What if the server fails? You’d need to recreate everything on a new server. Again, you could write scripts to automate this, but you’re essentially rebuilding what container orchestration platforms already provide.
The core issue is that you end up writing custom infrastructure code to handle container failures, scaling, and deployments across multiple machines.
This works fine for simple deployments, but becomes complex when you need:
- Application-level health checks and recovery
- Coordinated deployments across multiple services
- Dynamic scaling based on actual workload metrics
How Kubernetes Helps
Before we get into how Kubernetes helps, it’s important to understand that it doesn’t replace Docker. You still use Docker to build container images. What Kubernetes adds is a way to run, manage, and scale those containers automatically in production.

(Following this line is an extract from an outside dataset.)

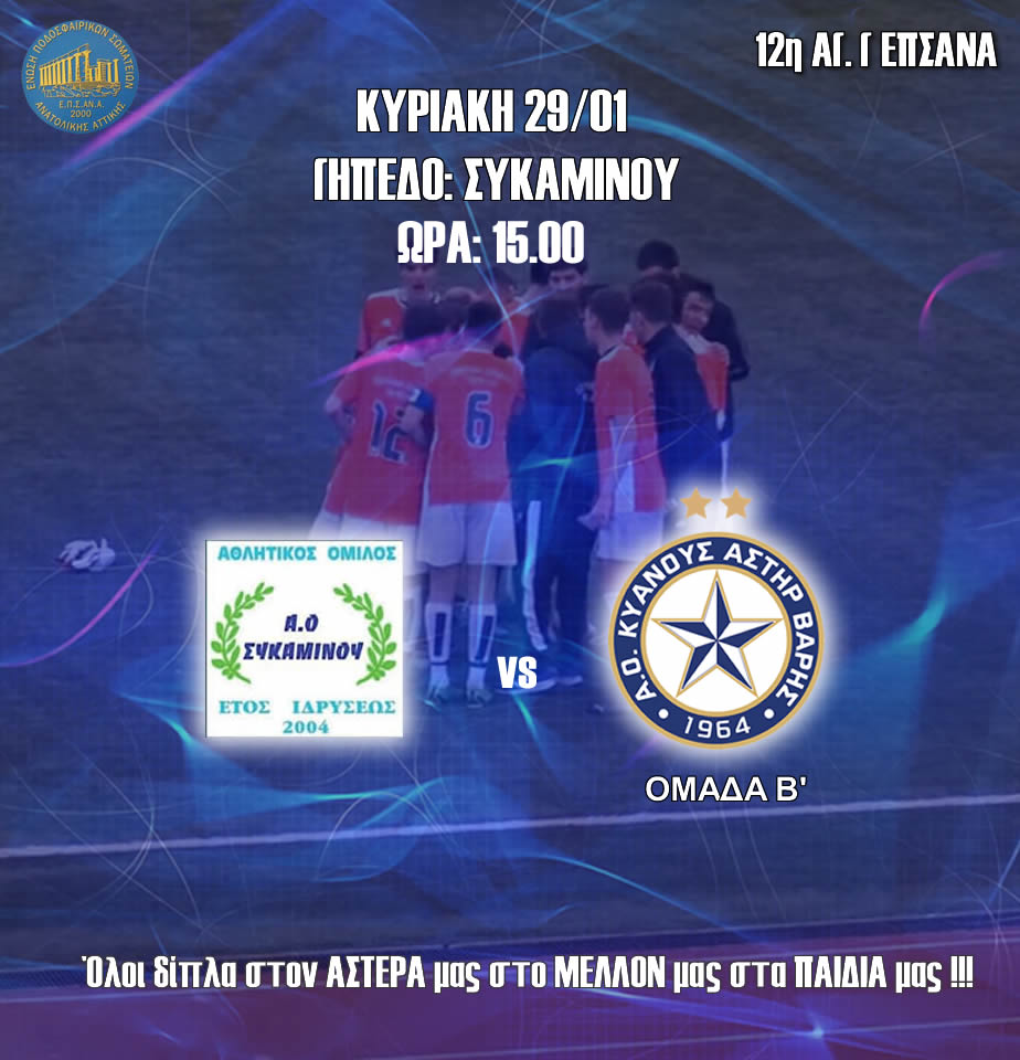 Την Κυριακή 29/1 αντιμετωπίζουμε εκτός έδρας τον Α.Ο ΣΥΚΑΜΙΝΟΥ για την 12η Αγωνιστική του Πρωταθλήματος Γ’Ε.Π.Σ.ΑΝ.Α.

Kubernetes acts like an intelligent supervisor for your containers. Instead of telling Docker exactly what to do (“run this container”), you tell Kubernetes what you want the end result to look like (“always keep my ETL pipeline running”), and it figures out how to make that happen.
If your ETL container crashes, Kubernetes automatically starts a new one. If the entire server fails, Kubernetes can move your containers to a different server. If you need to handle more data, Kubernetes can run multiple copies of your ETL script in parallel.
The key difference is that Kubernetes shifts you from manual container management to automated container management.
The tradeoff? Kubernetes adds complexity, so for single-machine projects Docker Compose is often simpler. But for systems that need to run reliably over time and scale, the complexity is worth it.
How Kubernetes Thinks
To use Kubernetes effectively, you need to understand how it approaches container management differently than Docker.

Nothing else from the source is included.